HOW TO COMPLETE THIS TASK ▸ Nothing but text lines should be duplicated: start with the first line of the listing below and stop after the line holding "Sl. 6. Waterfront", omitting pictures.

INPUT MATERIAL ▸
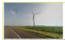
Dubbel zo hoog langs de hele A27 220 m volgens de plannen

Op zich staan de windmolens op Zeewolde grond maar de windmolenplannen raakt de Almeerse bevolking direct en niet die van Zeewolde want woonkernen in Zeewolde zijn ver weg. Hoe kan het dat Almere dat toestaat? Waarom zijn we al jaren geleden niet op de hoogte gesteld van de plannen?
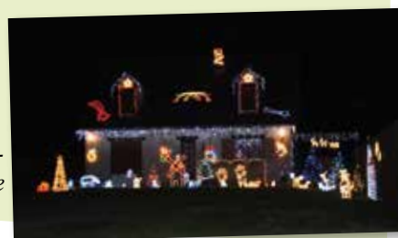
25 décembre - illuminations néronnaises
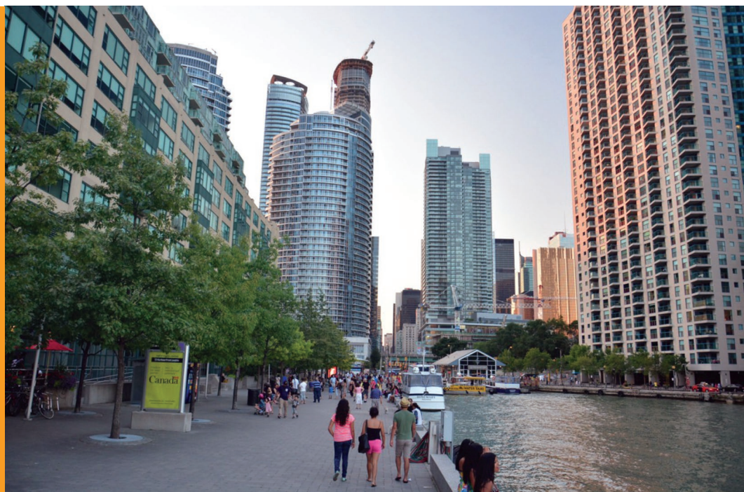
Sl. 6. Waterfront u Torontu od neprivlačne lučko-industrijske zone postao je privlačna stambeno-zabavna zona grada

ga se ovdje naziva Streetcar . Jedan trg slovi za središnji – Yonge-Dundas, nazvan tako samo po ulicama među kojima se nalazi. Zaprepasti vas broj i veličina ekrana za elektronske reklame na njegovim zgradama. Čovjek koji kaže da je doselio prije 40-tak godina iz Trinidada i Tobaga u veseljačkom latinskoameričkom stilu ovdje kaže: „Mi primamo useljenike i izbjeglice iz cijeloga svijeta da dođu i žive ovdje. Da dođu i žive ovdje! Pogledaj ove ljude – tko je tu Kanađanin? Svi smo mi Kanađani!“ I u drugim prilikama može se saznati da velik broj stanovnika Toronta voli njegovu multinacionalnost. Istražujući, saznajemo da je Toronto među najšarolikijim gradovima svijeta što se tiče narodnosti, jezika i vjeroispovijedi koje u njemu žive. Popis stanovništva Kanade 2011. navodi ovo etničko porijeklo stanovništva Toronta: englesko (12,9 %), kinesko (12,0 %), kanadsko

FINISHED TASK ▸
Dubbel zo hoog langs de hele A27 220 m volgens de plannen

Op zich staan de windmolens op Zeewolde grond maar de windmolenplannen raakt de Almeerse bevolking direct en niet die van Zeewolde want woonkernen in Zeewolde zijn ver weg. Hoe kan het dat Almere dat toestaat? Waarom zijn we al jaren geleden niet op de hoogte gesteld van de plannen?
25 décembre - illuminations néronnaises
Sl. 6. Waterfront u Torontu od neprivlačne lučko-industrijske zone postao je privlačna stambeno-zabavna zona grada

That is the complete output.